Ayer en la sede de EiTB hubo una interesante jornada de reflexión sobre la televisión pública, sus problemas, sus oportunidades y su posible futuro. La cosa no pinta bien para nadie en el mundo de la televisión, tanto pública como privada, y así se analizó de forma clara, honesta y hasta descarnada en las conferencias y los debates posteriores.
No es mi intención hacer un repaso exhaustivo de lo mucho que se dijo pero sí me apetece rescatar una idea no por obvia menos olvidada. Lluis Borrell, un experto en análisis de medios internacionales, recordó así como de pasada que en el Reino Unido las televisiones comerciales tradicionales se consideran de servicio público puesto que utilizan el espacio radioeléctrico público, que les ha sido cedido por algo y para algo. Y ni dudan en atender esa función.
Por razones inapelables de física, en el espectro radioeléctrico cabe un número limitado de frecuencias -en las islas británicas y aquí- y consiguientemente un número también limitado de emisoras. Es el Estado quien concede las frecuencias a las empresas de televisión. Lo hace para garantizar el derecho a la información y para estimular la cultura y el pluralismo informativo. Pero en todo caso debe justificar por qué concede una licencia de emisión a una empresa y no a otra.

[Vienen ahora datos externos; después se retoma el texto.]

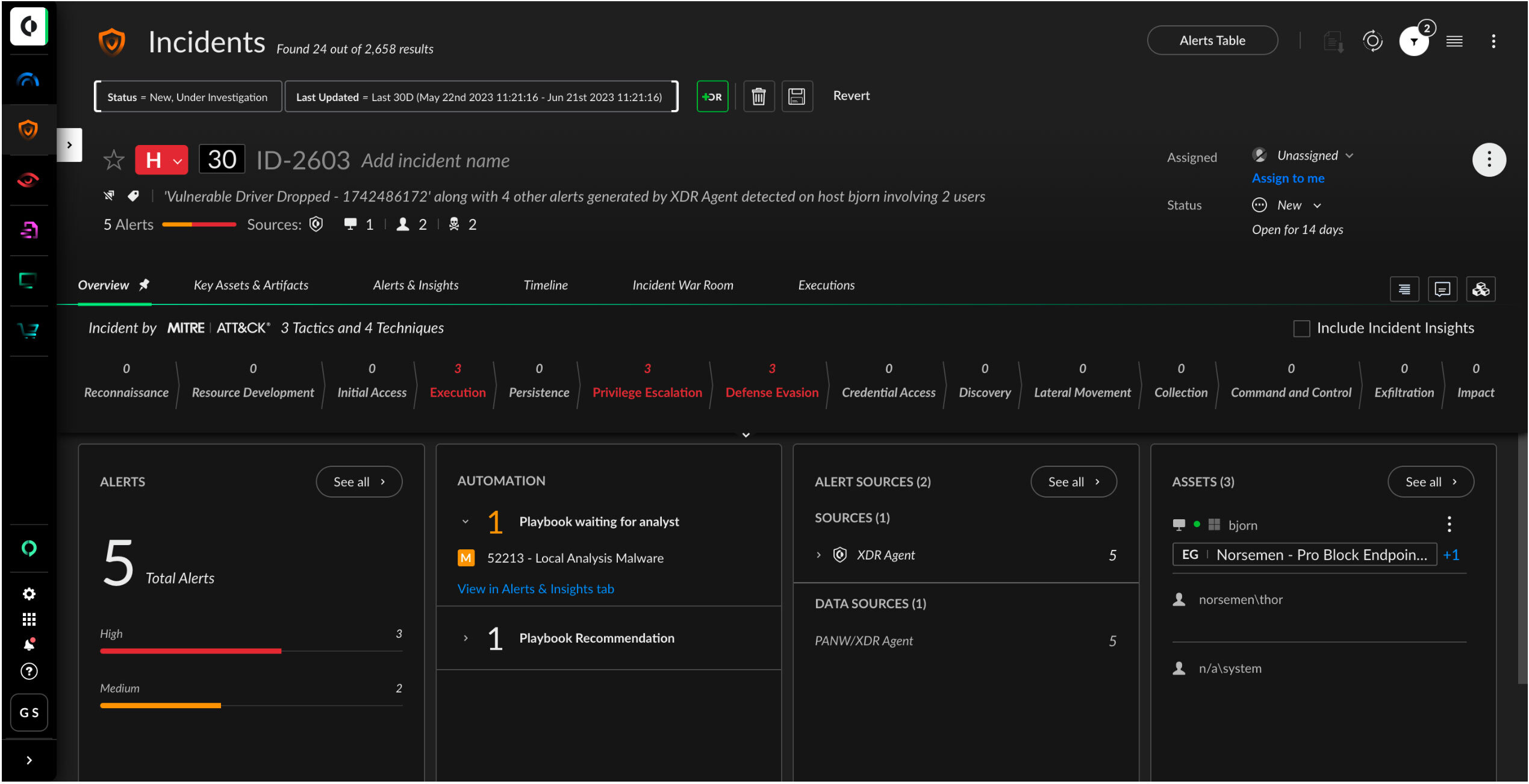 Cortex XSIAM propose une automatisation inédite du flux de gestion des incidents, véritable atout dans sa mission première de détection et de réponse aux menaces. Ses analyses produisent des données CTI basées sur les techniques des attaquants, regroupant ainsi différentes alertes au sein d’un même incident, en contexte et avec des données enrichies. L’automatisation intégrée et les playbooks inline prennent ensuite le relais pour agir sur la base des résultats d’analyse, avec pour objectif de traiter intégralement et de clore un maximum d’alertes et d’incidents sans intervention humaine.
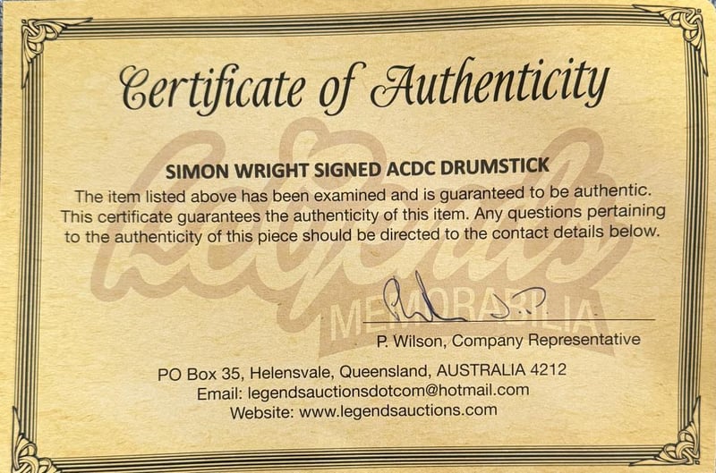 Simon Wright Personally Signed Ac/Dc Drumstick. Simon Wright Is An English Drummer Best Known For His Work With Rock Bands Ac/Dc And Dio. The Item Is Accompanied By A Certificate Of Authenticity.
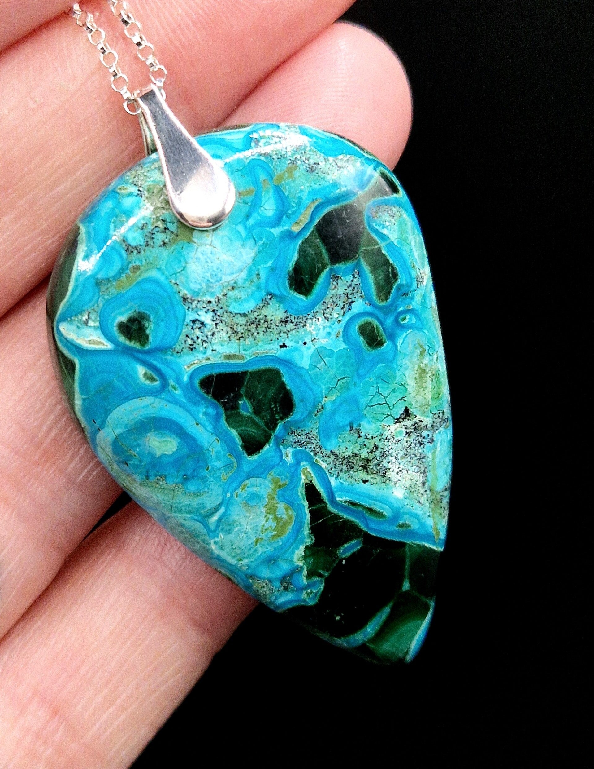 Chrysocolla & Malachite large cabachon on 18inch sterling silver chain.
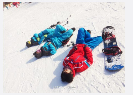 王源全副武装去滑雪 戴两层帽子仅露眼睛(图)

Es decir que, contra la interesada creencia que se ha instalado en la opinión pública de que las televisiones privadas son “dueñas” de su canal, que pueden hacer y emitir lo que les de la real gana y que están exentas de cualquier obligación que no sea la de ganar dinero para sus accionistas, hay que recordar que no es así, que lo mismo que un puesto en el mercado municipal o un taxi tienen una concesión y, en consecuencia, obligaciones para con sus usuarios, las cadenas privadas tienen también una concesión de algo que nos pertenece a usted y a mí, que es el espectro radioeléctrico, que no es del primero que llega. Y conviene recordar que si un día se les concedió esa licencia fue para que nos ofreciesen un servicio.